# Equality of Relations

## Theorem

Let $\RR_1$ and $\RR_2$ be relations on $S_1 \times T_1$ and $S_2 \times T_2$ respectively.

Then $\RR_1$ and $\RR_2$ are equal if and only if:

$S_1 = S_2$
$T_1 = T_2$
$\tuple {s, t} \in \RR_1 \iff \tuple {s, t} \in \RR_2$

It is worth labouring the point that for two relations to be equal, not only must their domains be equal, but so must their codomains.

## Proof

This follows from set equality and Equality of Ordered Pairs.

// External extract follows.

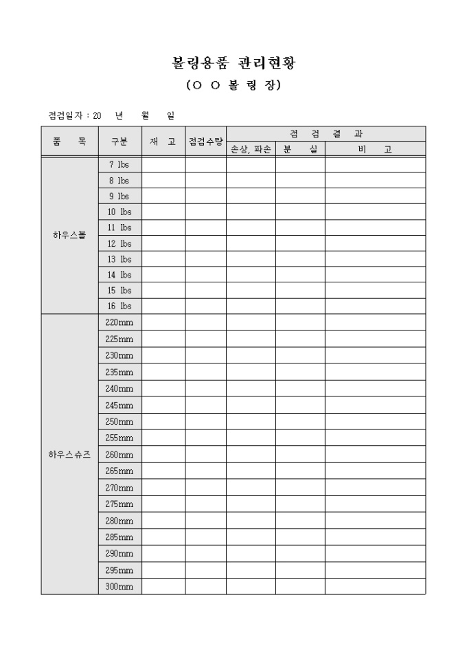 9,000원/월볼링장에서 사용중인 볼링공 및 볼링신발의 관리상태를 점검한 후 그 결과를 기입할 수 있게끔 제작된 서식입니다.

A relation on $S \times T$ is an ordered triple, thus:

 $\displaystyle \RR_1$ $=$ $\displaystyle \tuple {S_1, T_1, R_1}$ where $R_1 \subseteq S_1 \times T_1$ $\displaystyle \RR_2$ $=$ $\displaystyle \tuple {S_2, T_2, R_2}$ where $R_2 \subseteq S_2 \times T_2$

From Equality of Ordered Tuples, $\RR_1 = \RR_1$ if and only if:

 $\displaystyle S_1$ $=$ $\displaystyle S_2$ $\displaystyle T_1$ $=$ $\displaystyle T_2$ $\displaystyle R_1$ $=$ $\displaystyle R_2$

Then we have that $R_1$ and $R_2$ are sets of ordered pairs.

Thus by definition of set equality:

$R_1 = R_2 \iff \paren {\forall \tuple {x, y} \in \S_1 \times T_2: \tuple {x, y} \in R_1 \iff \tuple {x, y} \in R_2}$

Hence the result.

$\blacksquare$

## Also known as

Some sources refer to this concept between two relations as being equivalence, rather than equality.